The header of one e-mail, however, brought a chill to Laserka’s spine.

“Catherine was murdered,” it read in bold, blocky font.

Laserka waited what seemed an eternity as her slow T1 connection, burdened by the equivalent of Third World technical issues, struggled to load the message. There was a link to a London newspaper Web site that carried the report of a brutal, coma-inducing beating of Catherine Rozuika Alexandronin. There was also an appended note that she had been taken off her life support when her husband, Vitaly, was informed that she had been rendered brain dead. The return e-mail was to a free online service, one she didn’t recognize. However, the title Outcast 1995, contained the year her mentor and training officer, Vitaly Alexandronin, left Russian Intelligence amid a government scandal. Laserka had no doubt who the sender was.

Almost a decade and a half before, Laserka had been a fresh young rookie to Russian Intelligence, and Alexandronin had given her a wealth of lessons and experience that carried her across the intervening years. Laserka fired off a response e-mail, but the server spit back a “message not deliverable” response.

The mail had been sent four days earlier, Laserka noted. She had been stuck on an investigation and away from her work terminal.

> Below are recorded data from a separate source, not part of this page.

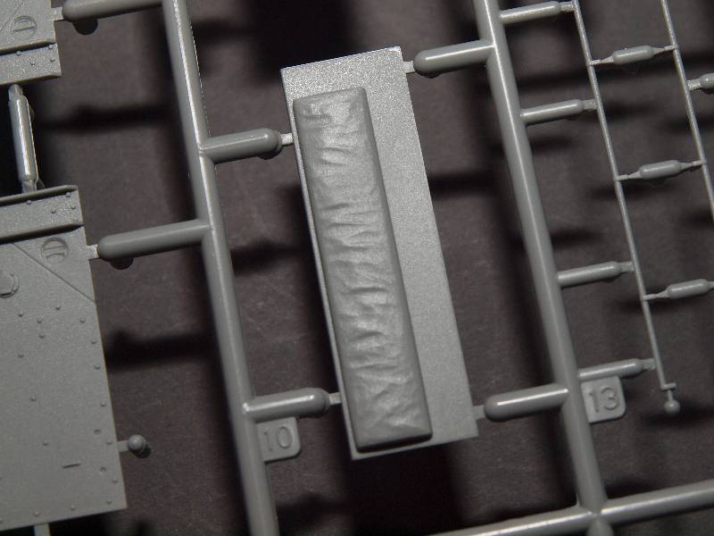 Analog zu den anderen Varianten gibt es auch hier wieder einen rudimentär ausgestateten Motorblock. Leider kann man die überarbeitete Motorhaube nicht geöffnet darstellen. Der Kampfraum ist sehr schön dargestellt. So weisen die Sitzbänke nun auch eine schöne Struktur auf. Ferner liegen die Minen samt seitlichen Halterungen als separate Teile bei, die zusätzlich noch PE-Teilen verfeinert werden können. Auch die beiliegende Fahrerfigur kann sich sehen lassen.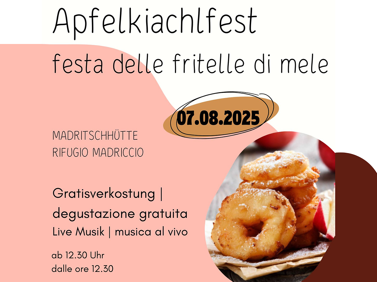 Degustazione gratuita di frittelle di mele fatte in casa con mele altoatesine e musica live presso il rifugio Madriccio a partire dalle 12.30.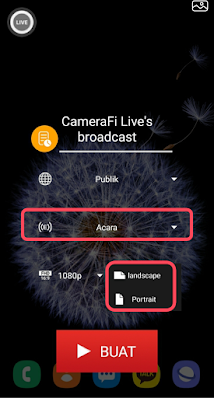 - Kamera: mengaktifkan kamera depan(selfie) di siaran langsung anda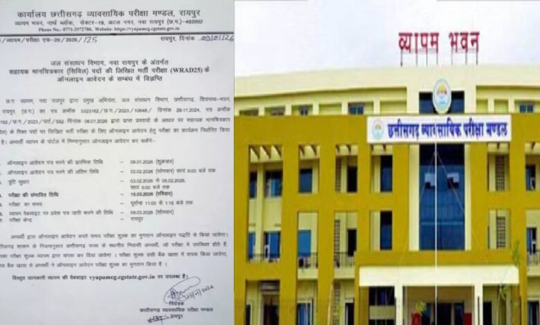छत्तीसगढ़ व्यापम: जल संसाधन विभाग में सहायक मानचित्रकार पदों पर भर्ती, आवेदन प्रक्रिया शुरू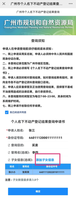 为进一步提升不动产登记信息线上查询便利度,持续提升群众获得感、幸福感,市规划和自然资源局对微信查询个人名下不动产登记结果进行了优化升级,在“广州不动产登记”微信公众号上线了“曾用名”及“未成年人”名下不动产登记结果查询功能。市民可选择输入自己的曾用名和未成年子女信息,在查询结果证明中一并显示自己名下(含曾用名)不动产登记结果信息和未成年子女不动产登记结果信息。
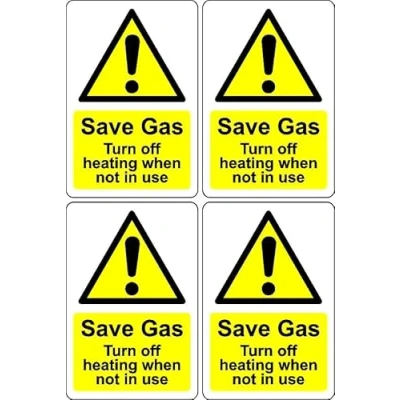 Save Gas turn off heating when not in use energy saving sign Self adhesive stickers 100mm x 66mm Pack of 4 stickers Digitally printed and laminated for extra durability Remove backing film and apply to dry smooth oil free surface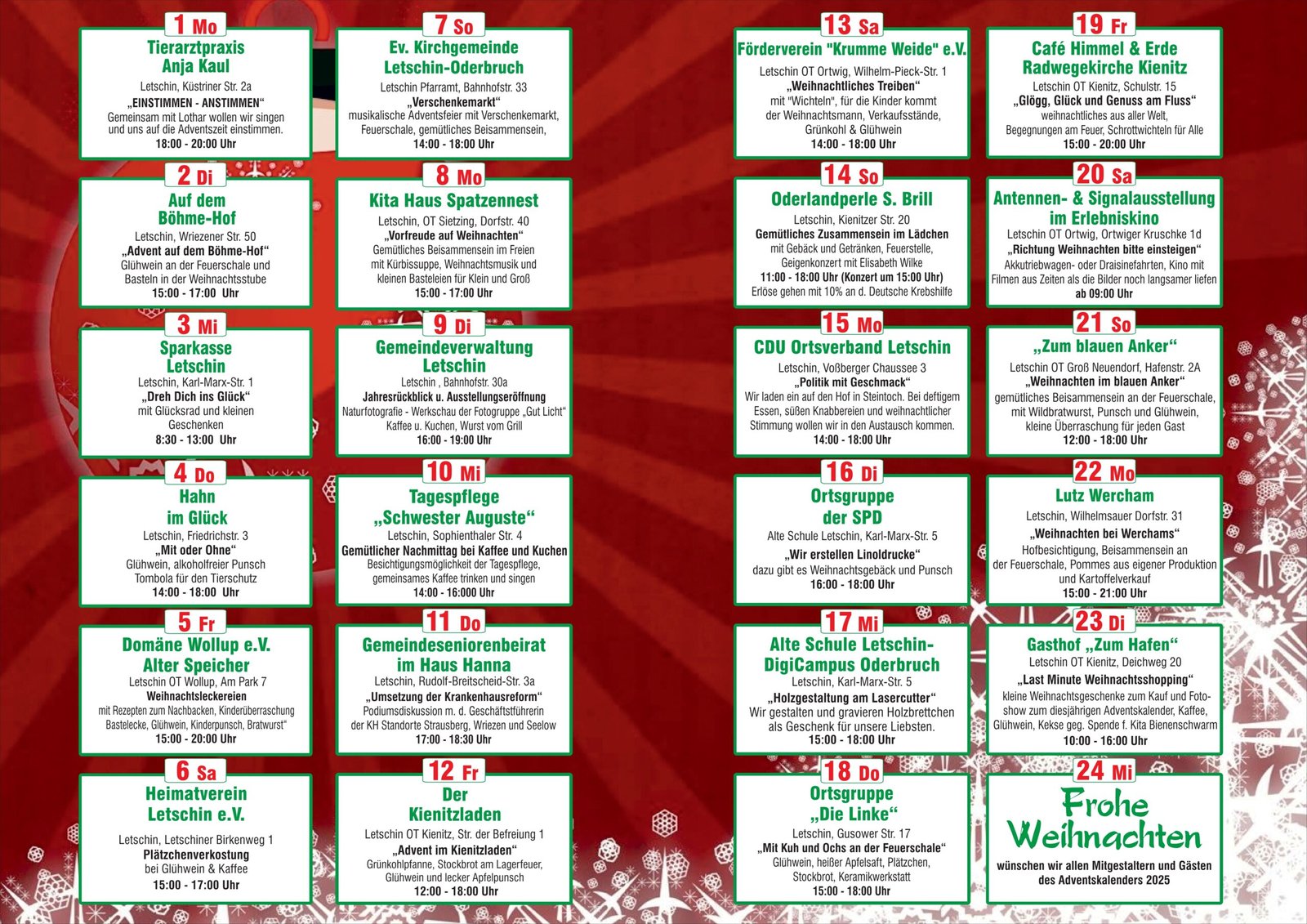 Datum Montag - Dienstag, 01 - 23 Dez. 2025 Labels Heimatstube,Startseite Lebendiger Adventskalender 2025 Weiterlesen: Termine lebendiger Adventskalender 2025 00 Tage 00 Stunden 00 Minuten 00 Sekunden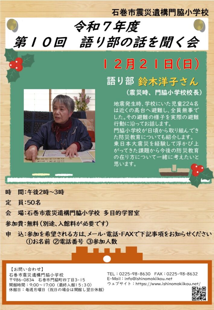 令和7年度 第10回語り部の話を聞く会のご案内(門脇小学校元校長)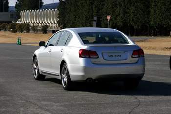 高速行駛與舒適性:足與雙B並駕齊驅![]() 這次在東富士試驗場進行的實際試駕僅有環型跑道一項,測試車輛有GS430、GS300以及主要對手BMW530i、M-Benz E320等,每部車在跑道上駕駛兩圈。GS430加速非常輕快,輕踩油門即可達150km/h的試車設定速限,GS300排氣量小,但拉轉速亦相當順暢,BMW 530i的加速與轉彎的反應都相當敏銳,M-Benz E320則表現沉穩,抑制路面跳動的能力以及底盤隔音均為上選。相比起來,GS車系在舒適性表現優於BMW,引擎的寧靜度優於M-Benz,可以讓人很輕鬆地駕駛,卻沒有特殊的操控風格。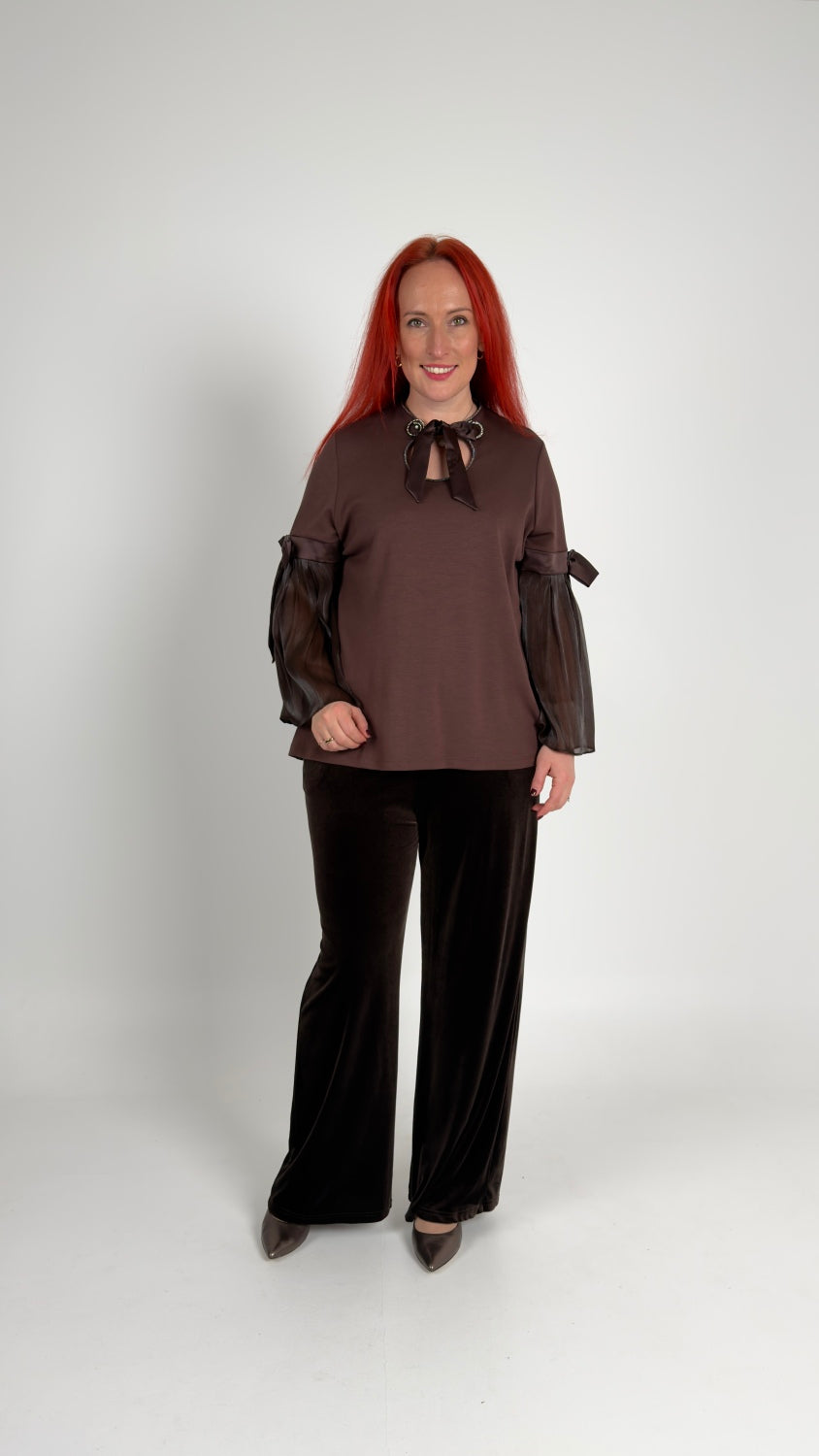 Trikotāžas augša ar tilla piedurknēm un dekoratīvām bantītēm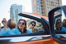 图片标题: 快乐的青年情侣驾驶跑车出行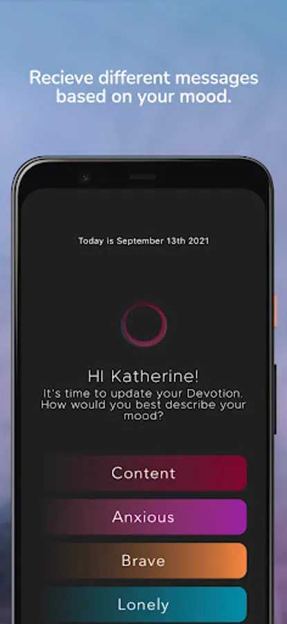 Devotion asks for your pronouns as a way to create more intentional affirmations. You can then switch between four moods (Brave, Content, Anxious, or Lonely) at any time to customize the tone of the messages you receive.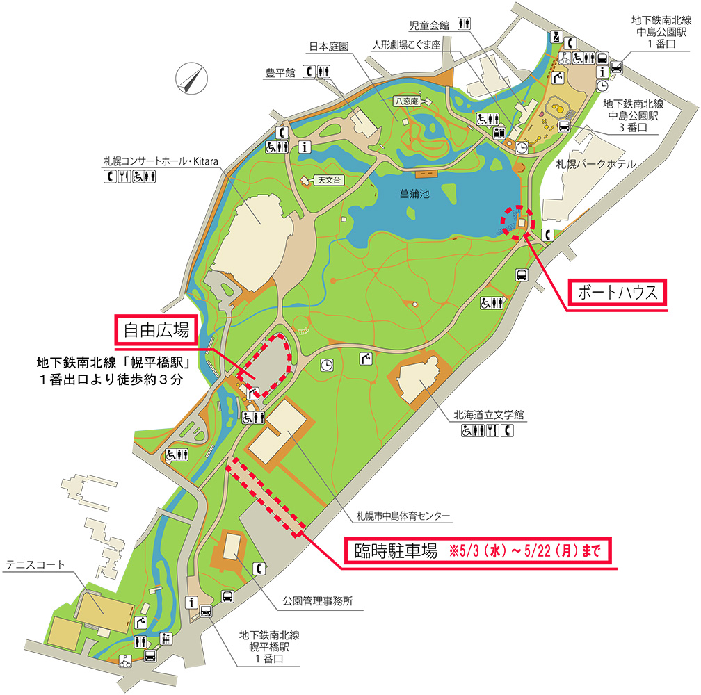 藻岩山を背景に、 水と緑が豊かな憩いの場として親しまれている公園です。

She’d only just returned to Moscow the previous night after a week in the field, running a surveillance operation. She’d had no urge to go to the office. She had been tired, sweaty and hungry, and only wanted to scrub her auburn hair clean of the stink of perspiration, stale coffee and an ever-hanging cloud of cigarette smoke trapped in her locks. Laserka was as fit and trim as when she was just a raw recruit, but closing in on the latter half of her thirties meant that she didn’t have the same reserves of energy to make a quick trip down to the office after the end of a stakeout detail.

Running her knuckle across her full, wide lips, Laserka tried to interpret the disappearance of Alexandronin’s e-mail account. It was probably a security ploy on her old mentor’s part, using a one-time temporary address, then closing it down. Alexandronin was still a reviled name in the halls of the RIA because of his interference with an effort to put things back to what many KGB veterans felt was a finer time and way of doing business. Laserka had escaped the prejudice of the old hard-liners by being young, pretty and a hard worker. A short hospital stay during the time Alexandronin was offending the old guard also conveyed a cloak of anonymity to the lady agent.

Whenever Alexandronin wanted to get in touch with his former student and partner, he would create a temporary, easily disposable and recognizable e-mail address that would last only long enough for a brief, anonymous exchange. This kept Laserka from getting into trouble with her superiors, but kept the friendship the pair shared alive and vital. Sometimes, the two gave each other news of prevailing politics that would affect her career or his exile, as far as they could determine.

The death of Catherine did not appear to be a random act of violence. That Catherine and Vitaly both were targets of bitter old enemies was not news to Laserka. Husband and wife both kept themselves armed, contrary to Great Britain’s inane and ineffectual firearms laws. Laserka had noted several instances of violence over the years that the English nanny legislation had failed to prevent.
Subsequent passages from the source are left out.